Moments later, she appeared to be choking on milk. For a second, her face turned a dark purple. And then, as if nothing had happened. I stood there, dumbfounded, knowing only that something had just happened, with no one around to witness it and explain it. Since it was time for her nap and she was nowhere near falling asleep, I carefully gathered all the tubes and wires she was connected to and cradled her against my chest. By then, I had learned to manage everything without the assistance of a nurse. They were usually busy anyway, so I tried to learn as soon as possible to do as much as possible on my own. This gave me a sense of mothering and self-sufficiency in caring for my baby. Additionally, by handling tasks myself, I could fully focus on my little girl without distracting small talk with the staff. We would steal a moment for ourselves - for me to whisper to her while lifting her, to meet her gaze, to reassure her that she would be okay and to hang in there; that we would soon be able to go home...

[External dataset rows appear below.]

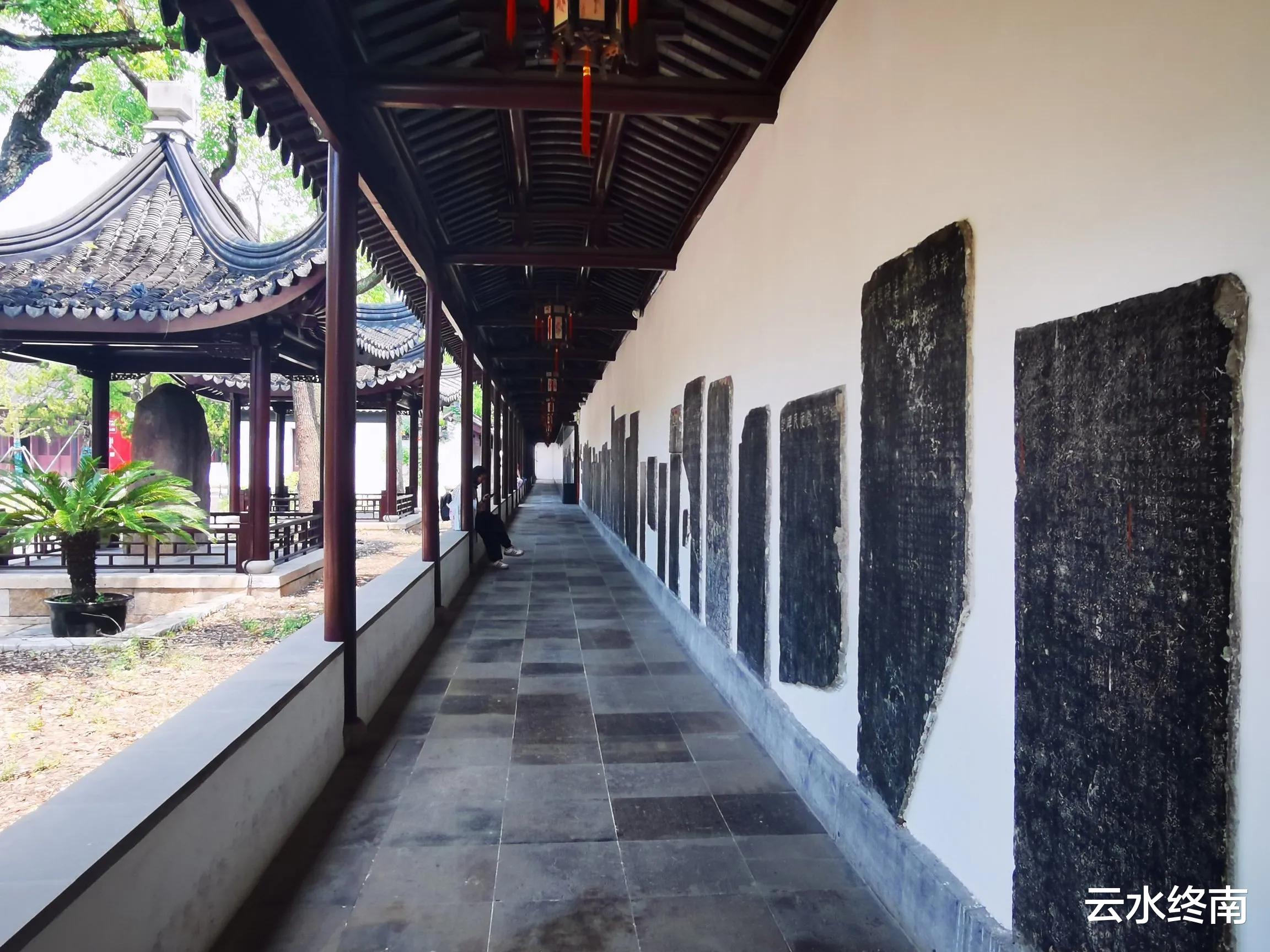 除此外,这里四面墙上都镶嵌着3000多块石刻,包括陆机、黄庭坚、苏洵、苏轼、文天祥、文征明等名家的手迹或诗碑,以孔子、儒学、苏州经济、历代书法等主题分别陈列,1985年起辟为苏州碑刻博物馆。
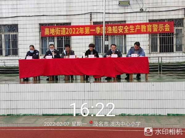2月7日下午,电白区高地街道在澳内中心小学广场召开2022年第一季度渔船安全生产教育警示会,会议通报了高地2·4渔船失联事件初步调查情况,电白区渔政大队钟海涛大队长就渔业安全政策法规和安全技能知识作了辅导,并对2022年渔船安全生产工作进行部署。
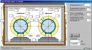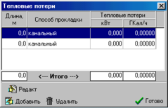 В комплексе реализован механизм подсчета тепловых потерь как по одному отдельному участку, так и по всей тепловой сети. Кнопка
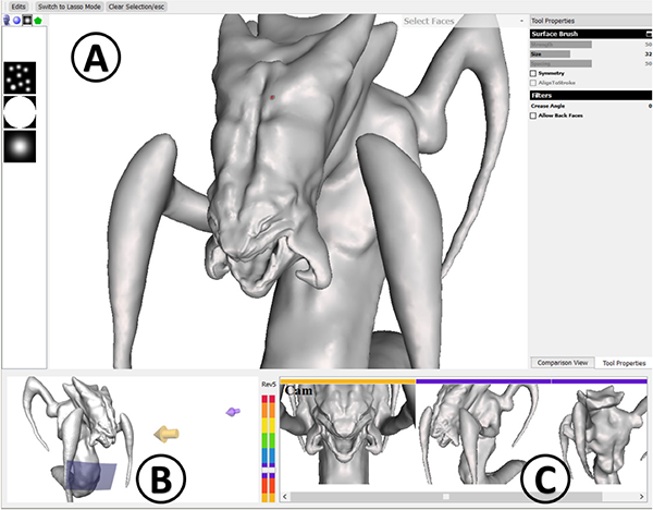 Our view authoring environment integrated in a 3D modeling software: (A) the main modeling window, (B) the authoring panel visualizing authored views in the spatial context, and (C) the navigation panel showing the authored views in the temporal sequence.
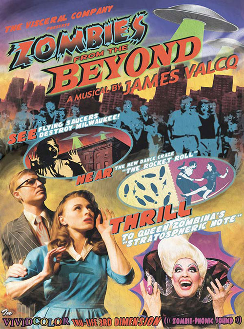 A bevy of flying saucers from Planet X has appeared over the skies of Beertown, led by alien aviatrix Queen Zombina, on a quest to “zombify” and abduct all of Earth’s men! The Milwaukee Space Center and the US military are prepared to meet the foes head on, until Zombina unleashes her secret weapon. It’s up to a mild-mannered scientist, an all-American girl-next-door, a man-hungry secretary and one plucky, tap-dancing delivery boy to save the world from this planetary menace from outer space!
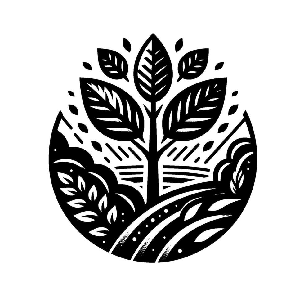 Black and white circular nature emblem, illustrating a tree with large leaves, surrounded by stylized fields and foliage, representing growth and environment. Pro Vector
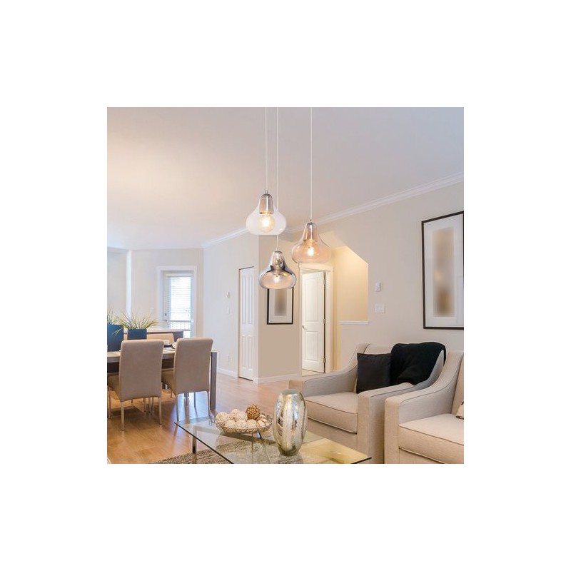 Moderné závesné svietidlo jezabel. Odporúčaná miestnosť pre použitie je obývačka. Farba lampy chrómová. Farba tienidla dymová. Materiál lampy kovové. Materiál tienidla sklo
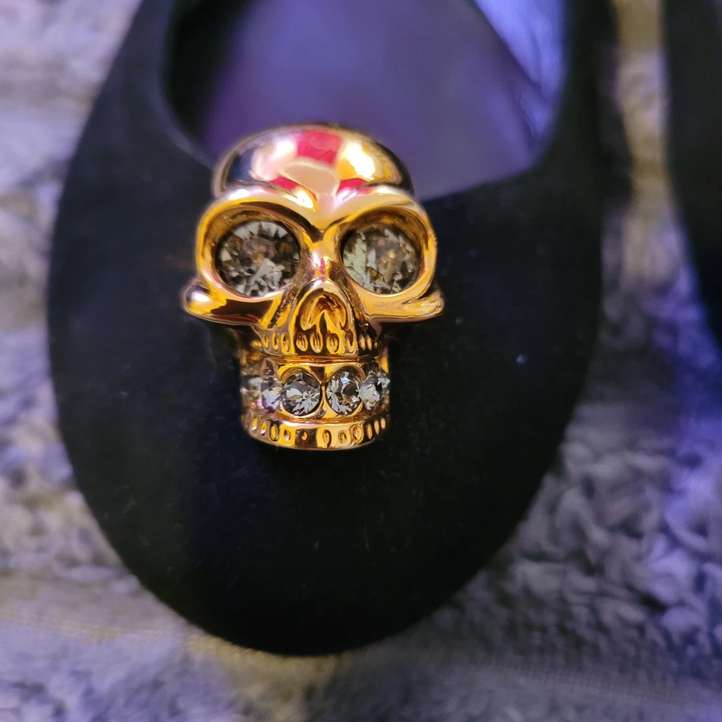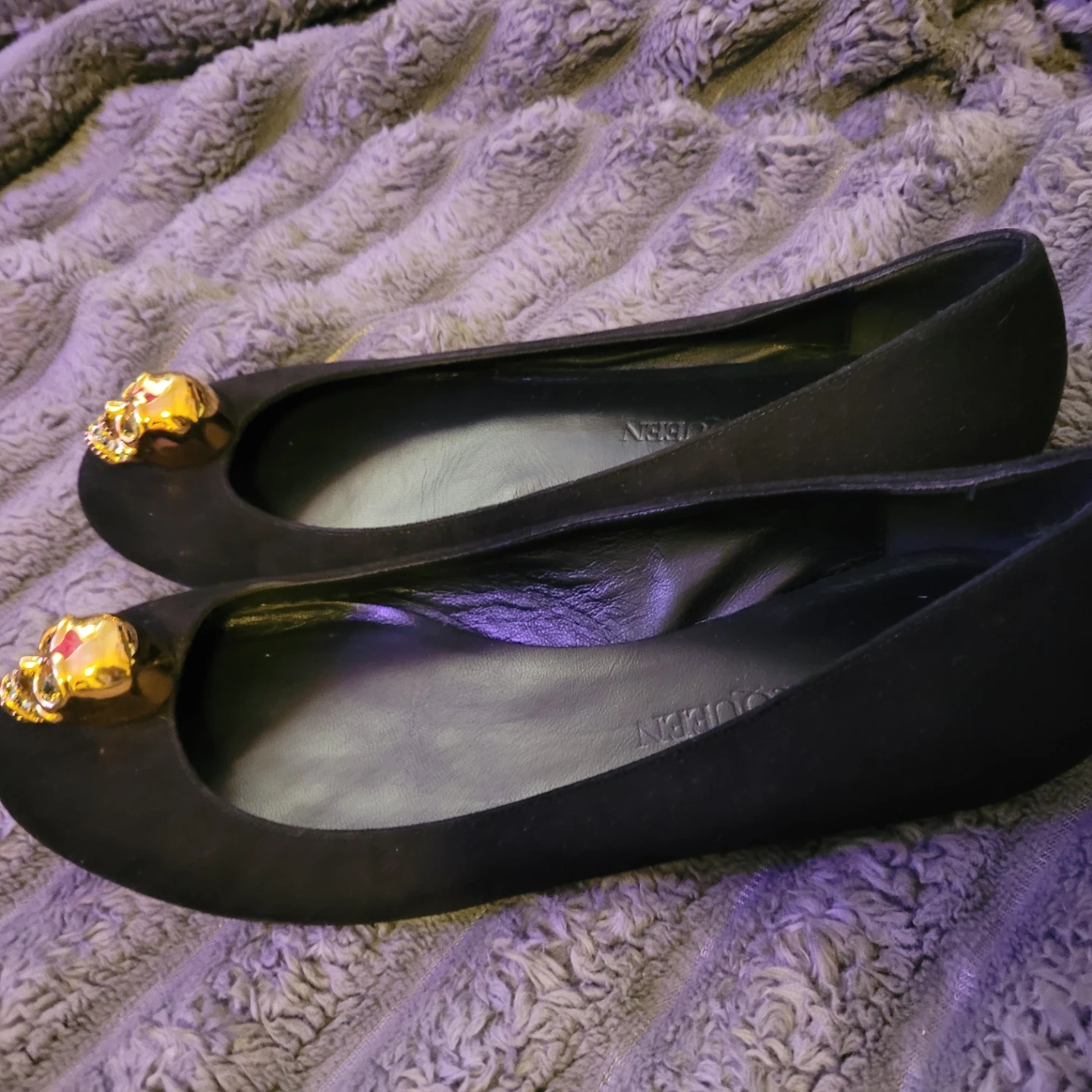 Be edgy and gorgeous with these Alexander McQueen black suede ballet flats. They feature a gold skull embellishment with crystal accents on the toe. Slip-on style. 38 /us7.5

And then everything changed. Again. Her eyes drifted inward, then rolled upwards and back, losing all control; she began moaning, emitting sounds I had never heard before. Soon, her skin took on a shade between deep dark blue and purple, and all the alarms on the monitor she was connected to blared. This time, there was no turning back. When the nurse on duty saw what was happening, she turned pale. The doctors rushed in, and as more and more people gathered around Ema's bed, I became invisible; leaving space for the medical staff to work, I was squeezed out of the circle and soon asked to wait outside. Sitting in the hallway, feeling helpless, fighting the panic within, unaware that the world outside was spring cleaning their homes, dyeing eggs, and preparing festive meals. The time stood still. I was grounded only by the sound of a door slamming open as the medical team rushed out, wheeling my baby in her bed and racing down the hallway, toward the elevators, and down to the ICU.

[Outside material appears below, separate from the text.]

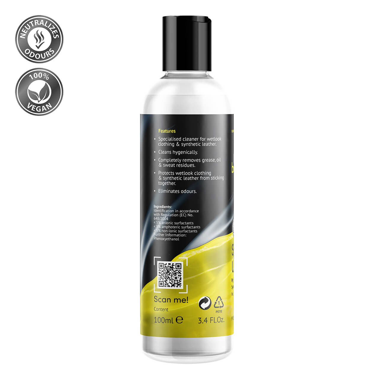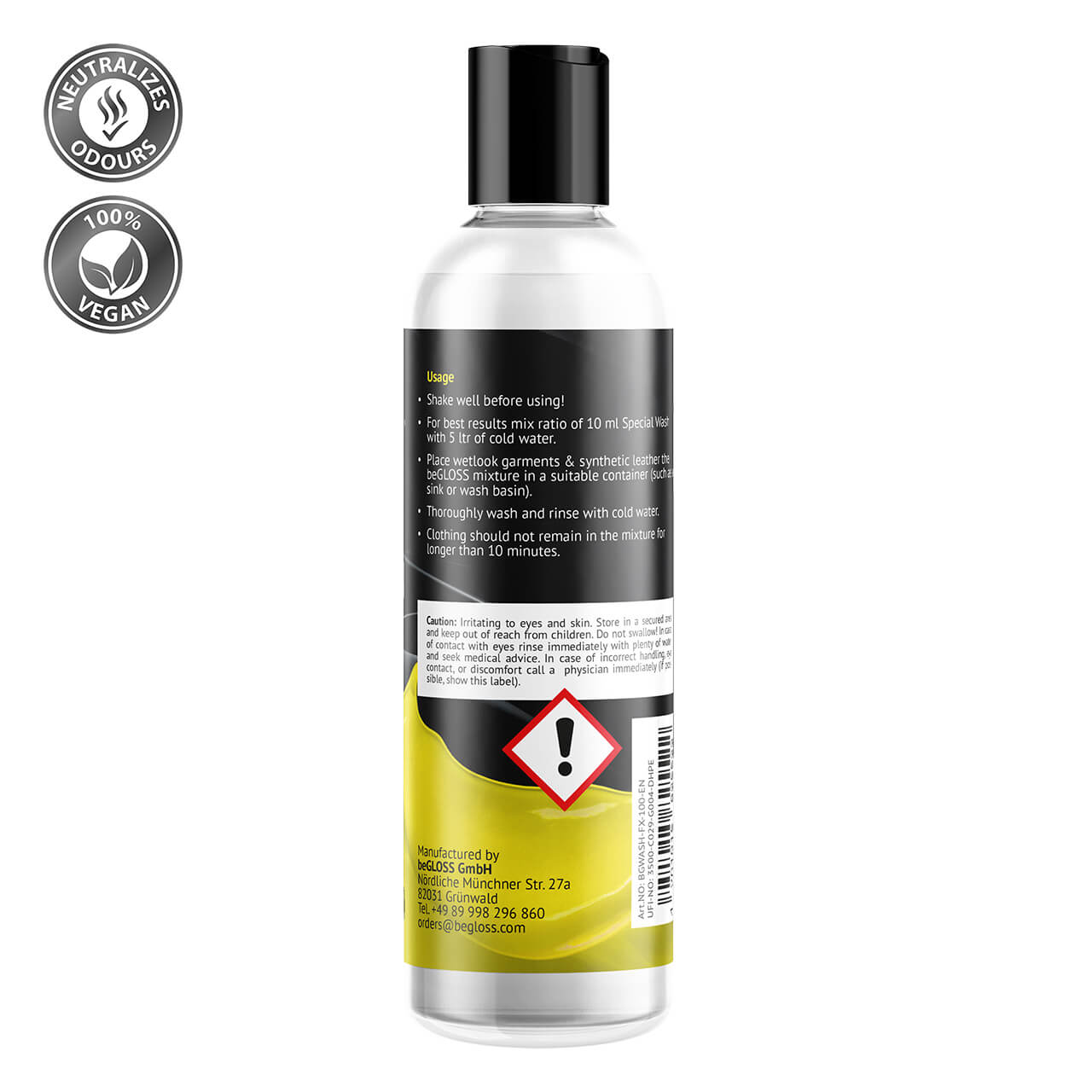 BeGLOSS – Special Wash Ultra Clean – Wasmiddel – PU-leer & Wetlook – 100 ml is de perfecte reiniger voor PU-leren kleding (imitatie leer), wetlook kleding en accessoires.
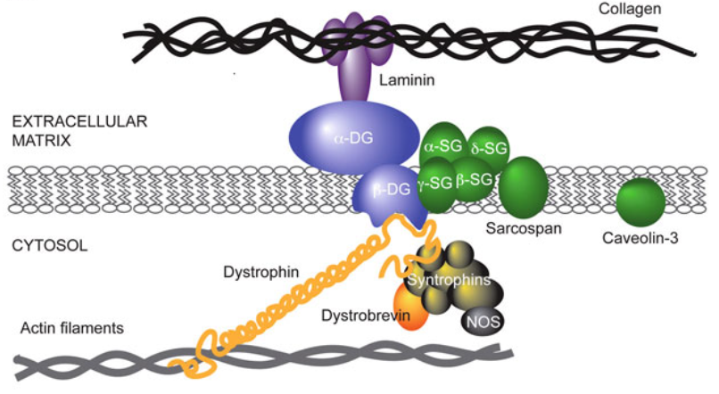 •Major protein in the dystrophin-associated protein complex (DAPC)

Years later, that same nurse who had turned deathly pale that day, the one who had given our baby her very first bath just days earlier, confided that at that moment, she was certain - Ema was gone.
Today, it feels as though there is hardly a more profound way to celebrate the Resurrection. From all of this, a new version of ourselves emerged. And surely, eventually, we were able to bring our baby girl home. She defied the odds more than once and grew into a remarkable six-year-old; full of life and vigor, strong-willed, yet generous. And oh so funny!

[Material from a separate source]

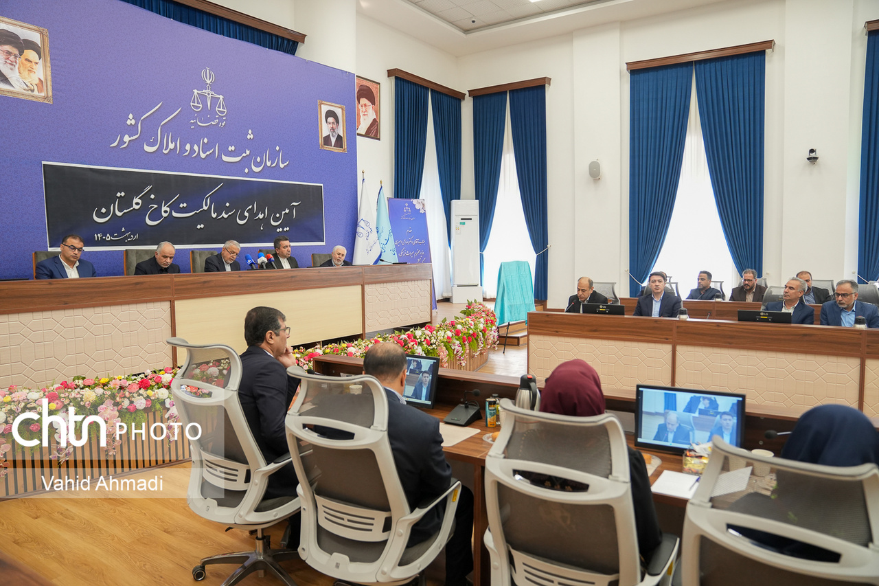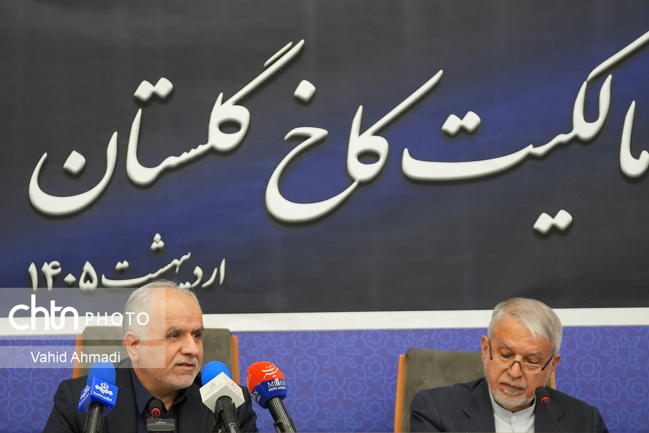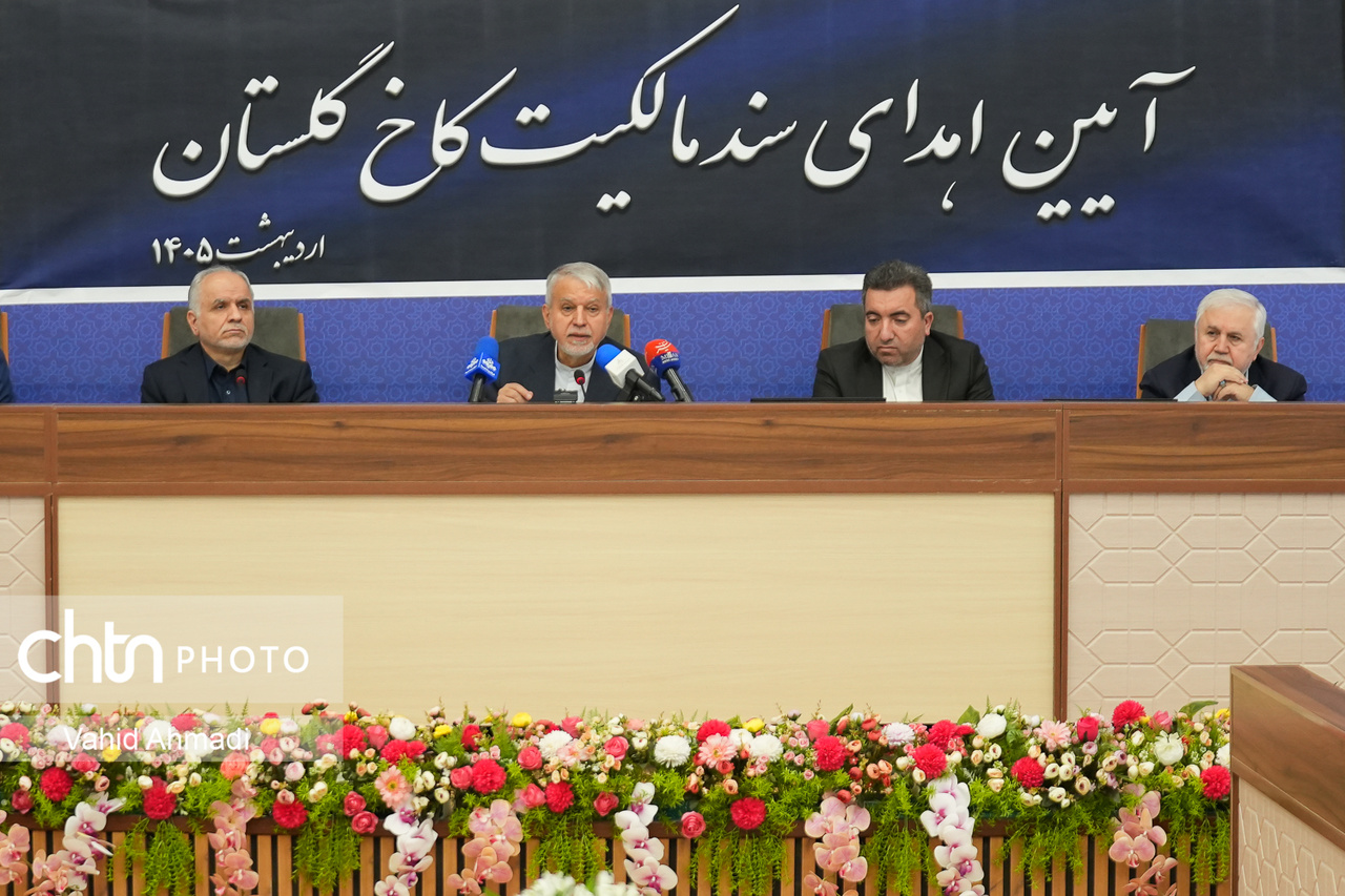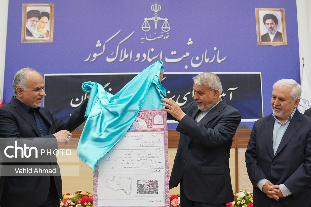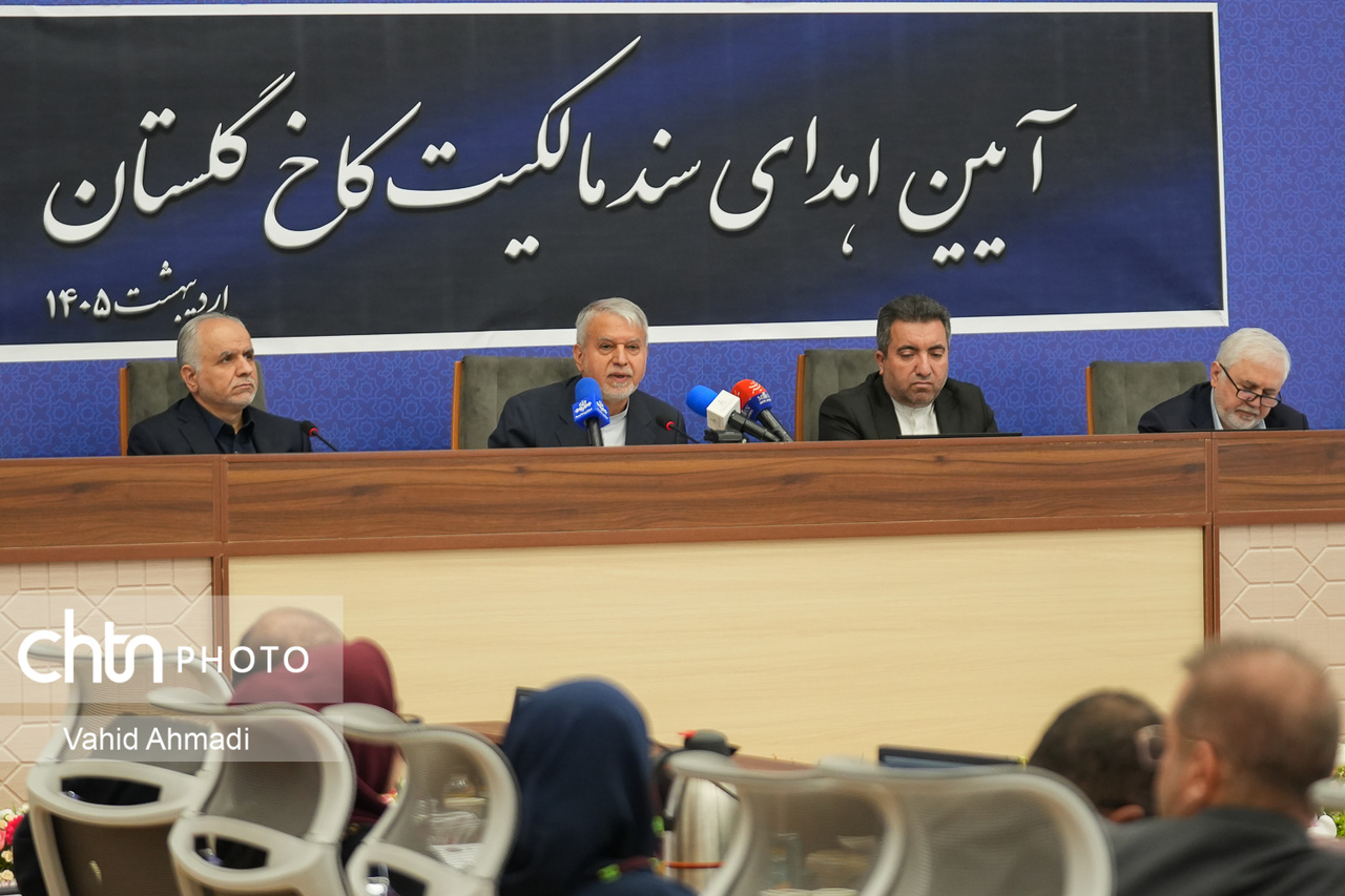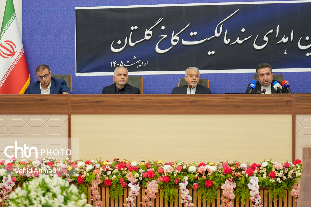 آیین اهدای سند مالکیت کاخ گلستان با حضور سیدرضا صالحیامیری وزیر میراثفرهنگی، گردشگری و صنایعدستی، امینحسین رحیمی وزیر دادگستری، حسن بابایی رئیس سازمان ثبت اسناد و املاک کشور، علی دارابی قائممقام وزیر و معاون میراثفرهنگی کشور و جمعی از مدیران دو دستگاه در محل سازمان ثبت اسناد و املاک کشور برگزار شد.

"Mom, when is the Holly Bunny coming to dye the eggs?" she asked the other day.
To all who celebrate these days...
May the light of Easter pierce through the darkness, illuminating your lives with hope, love and renewal.
More to come...
Dear Reader, our daughter survived ECMO, she was resuscitated, had multiple heart-failure episodes, lived with arrhythmia, she underwent three open heart surgeries, one pacemaker placement (and removal), two ablations, jejunostomy placement surgery to be tube-fed, she survived malrotation of intestines and had a surgery on her tummy. Her scars go from the top of her chest, down to the bottom of her abdomen.
CARDIAC WARD, GASTROENTEROLOGY, NEUROLOGY, PHYSIOTHERAPY, NEPHROLOGY, ORL, ENDOCRINOLOGY, LOGOPED, DEVELOPMENTAL PEDAGOGUE, and many more were (and some still are) part of our routine.